I've been following the whole Rangers FC administration circus for quite a while now, and with today's developments it has got me thinking. The potential new owner of rangers fc plans to create a new 'incubator' company to transfer all the assets to, then pursue a CVA with the old company. By doing this it means the creditors will get far less return and the new company retains all the assets. Is this legal?
If this is normal practice in corporate insolvency, can it be implemented into personal insolvency? Let's say someone had a house, fancy car and a mountain of unsecured debt. Can this person transfer all their assets to a very trusting friend or family member then pursue down the trust deed route, pay very little to their creditors, get discharged after 3 years or so, then have their assets returned and debt free.
Surely this would be deemed illegal and somewhat fraudulent on a corporate and personal level or is this just another way our system is abused?

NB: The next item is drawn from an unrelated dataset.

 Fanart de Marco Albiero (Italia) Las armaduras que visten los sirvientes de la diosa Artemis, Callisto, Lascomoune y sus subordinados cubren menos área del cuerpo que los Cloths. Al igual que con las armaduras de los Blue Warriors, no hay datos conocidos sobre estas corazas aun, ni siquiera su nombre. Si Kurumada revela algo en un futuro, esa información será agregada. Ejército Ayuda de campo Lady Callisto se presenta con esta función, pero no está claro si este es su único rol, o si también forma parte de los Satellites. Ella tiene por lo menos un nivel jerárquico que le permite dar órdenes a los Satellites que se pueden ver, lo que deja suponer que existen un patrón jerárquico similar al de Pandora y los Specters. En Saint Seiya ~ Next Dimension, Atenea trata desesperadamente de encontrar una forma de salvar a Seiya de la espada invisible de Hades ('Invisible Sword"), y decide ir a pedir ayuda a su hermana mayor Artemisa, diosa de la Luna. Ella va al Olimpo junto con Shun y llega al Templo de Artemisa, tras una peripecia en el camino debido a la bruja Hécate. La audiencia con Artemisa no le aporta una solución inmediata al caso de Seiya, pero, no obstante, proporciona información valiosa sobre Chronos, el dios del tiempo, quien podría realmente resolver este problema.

I am very intrigued to hear from the experts on this.
I'm not an expert.
But, I'd have thought that if all insolvency were the same, then we'd just talk about 'insolvency'.
By talking about 'corporate insolvency' and 'personal insolvency, there's already a suggestion of difference. And different approaches.

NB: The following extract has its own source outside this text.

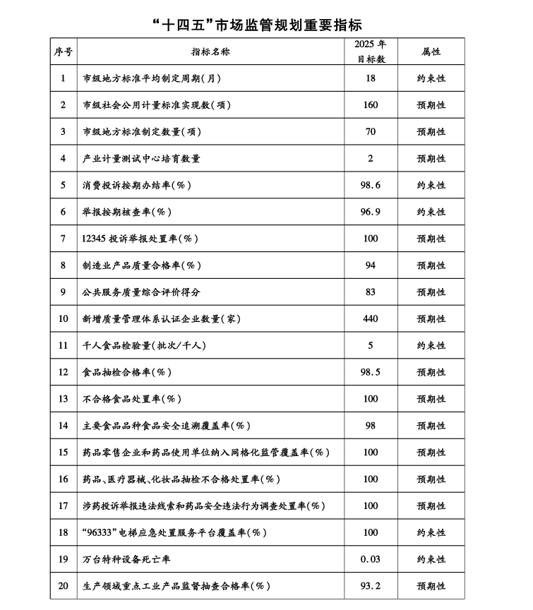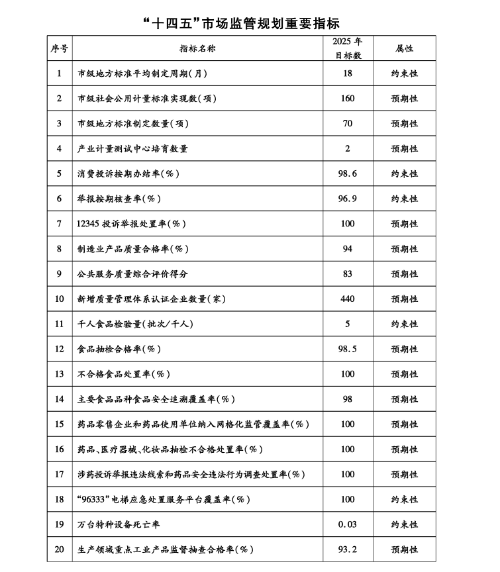 “十四五”市場監(jiān)管規(guī)劃重要指標

'Corporate insolvency' appears to have a number of different categories - going by what I've read about the high-profile corporate insolvency you mention!

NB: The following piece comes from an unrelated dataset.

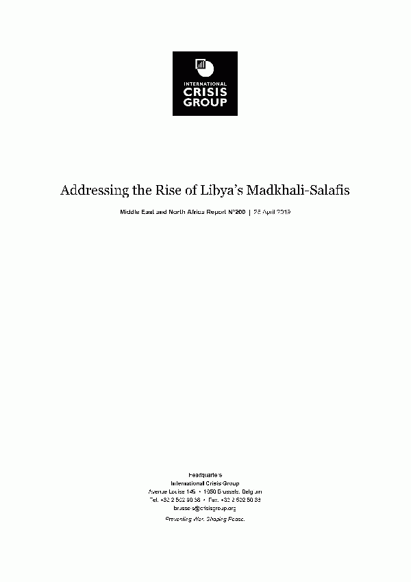 Addressing the Rise of Libya’s Madkhali-Salafis [Recurso electrónico] PDF

I know that 'personal insolvency' has different categories. Sequestration and Protected Trust Deeds are both 'personal insolvency'. They are not identical.
I don't think it's fair to ask identifiable professionals "Is this proposed solution to a high-profile corporate insolvency case 'legal'?" That's for the parties involved in the actual case to deal with.
Hi Big al
I do personal and corporate insolvency and the 'incubator' spin is absolute PR nonsense.
Corporate & Personal insolvency follow pretty much the same path believe it or not. In the current situation, ( very generally) a single entity owns assets and owes debts. Someone pays £x for the assets and these are then held by a new company. They then try to get creditors to agree a payment using the £x they received in full and final settlement.
Two things will happen, either the creditors agree to accept and the company continues or they don't and the company is liquidated. The asset position is irrelevant in both scenarios. If the company is liquidated, then that is the end of things and the former company no longer exists. If it is accepted, the company continues as is.
I've been involved in countless liquidations, administrations etc etc and the only variation in the current scenario ishow it's reported. Incubator insolvency does not exist, it's merely an insolvency practitioner selling the assets of a distressed company and hoping creditors accept a pence in the £ deal. Nothing more.
Mark
Mark is not posting regularly in the Trust-deed.co.uk forum.
Can creditors block an asset sale if they think the assets have been sold too cheaply? As selling 3-4 players alone would generate £10-12m not to mention The stadium and training facilities. Surely the creditors would get more if they liquidated the company with assets intact.
Hi Big_al.
I'm not sure how much the experts here will want to get into this subject.
It's certainly very interesting, but it's also quite off-topic for a forum based around personal debt solutions and personal insolvency.
I'm sure there are plenty of other forums where it's being discussed a lot (in a pretty lively fashion perhaps!).